Parsley: a Command-Line Parser for Astronomical Applications
William Deich
Netherlands Foundation for Research in Astronomy,
P.O. Box 2, 7990 AA Dwingeloo, The Netherlands
Abstract:
Parsley is a sophisticated keyword+value parser, packaged as
a library of routines that offers an easy method for providing
command-line arguments to programs. It
makes it easy for the user to enter values, and it makes it easy
for the programmer to collect and validate the user's entries.
Parsley is tuned for astronomical applications: for example, dates
entered in Julian, Modified Julian, calendar, or several other formats are
all recognized without special effort by the user or by the programmer;
angles can be entered using decimal degrees or dd:mm:ss;
time-like intervals as decimal hours, hh:mm:ss, or a variety of other
units. Vectors of data are accepted as readily as scalars.
Parsing command lines and interpreting optional and required arguments
is a mundane but essential part of many programs.
Parsley is a library of routines that aims to provide
a consistent user interface across applications,
good command-line help, and plenty of convenience features to aid both
the user and programmer.
Both simple and complex command-line parsers have been written in the past.
Perhaps the most familiar of these is getopt(3), a routine that
parses single-letter option strings, including options that require
a single argument. Of growing popularity is the GNU version of the
same routine, which allows long option names.
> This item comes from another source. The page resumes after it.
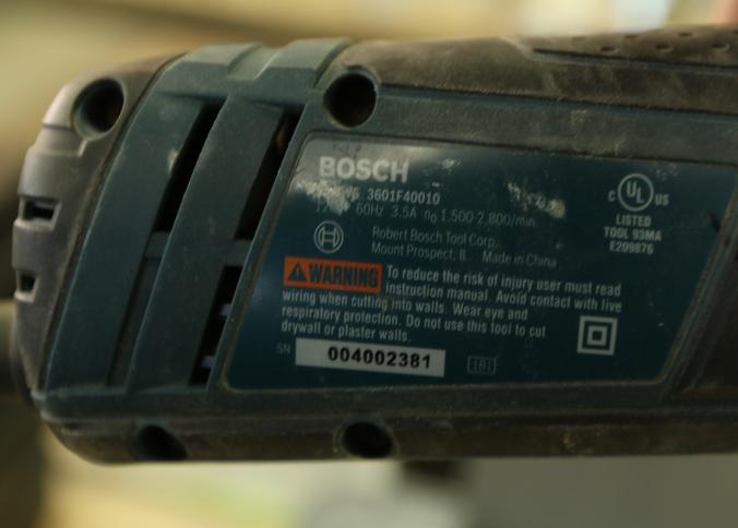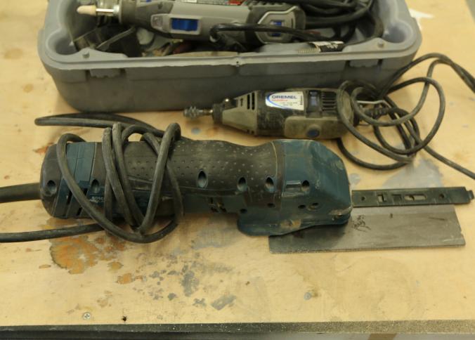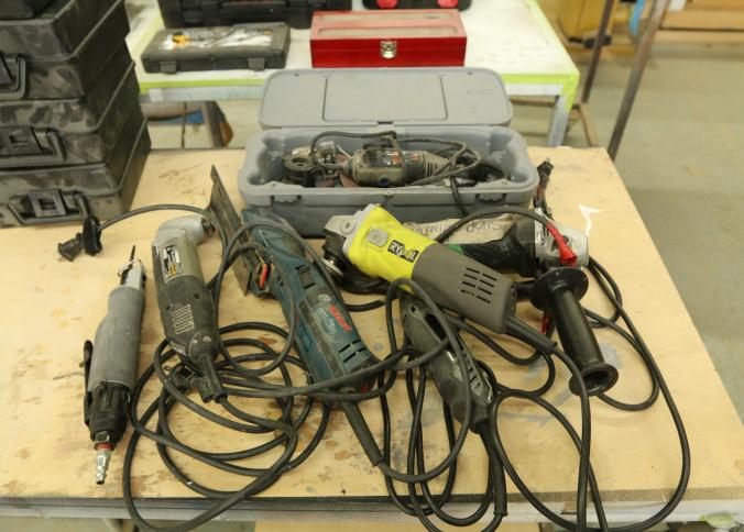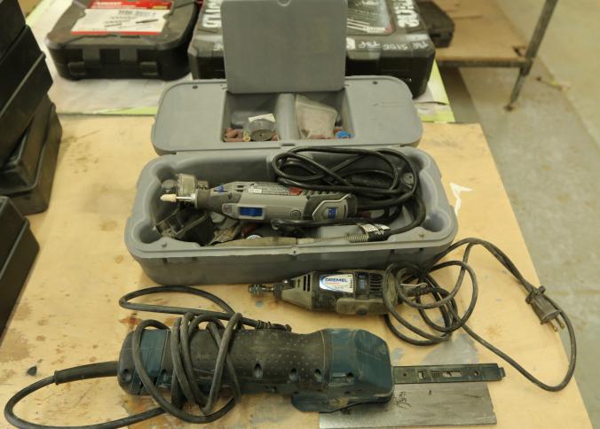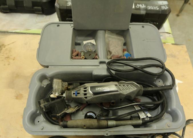 Dremel model 4200 with remote line attachment, sanders, shear, & saw attachment, and model 395, Rockwell modelR5102K sonicrafter vibrating saw, Bosch model 1640VS fine cut reciprocating saw, Hitachi model G12SR3 grinder, Ryobi model AG4031G grinder. Ingersoll Rand model 529 pneumatic reciprocating saw. Pickup can be completed on both days.

Yet neither of these
handles vectors of data, and they don't address the common problems of
providing help information or simple argument-validation checking (such
as verifying that an argument is an integer).
Public-domain packages have been written which do address some of these
problems, but they are generally written for C or C++ applications,
and are not easily called from Fortran programs.
Parsley was designed with two goals in mind: to make it easier for
users to enter arguments on the command line, and to make it easier for
programs to collect and validate the arguments.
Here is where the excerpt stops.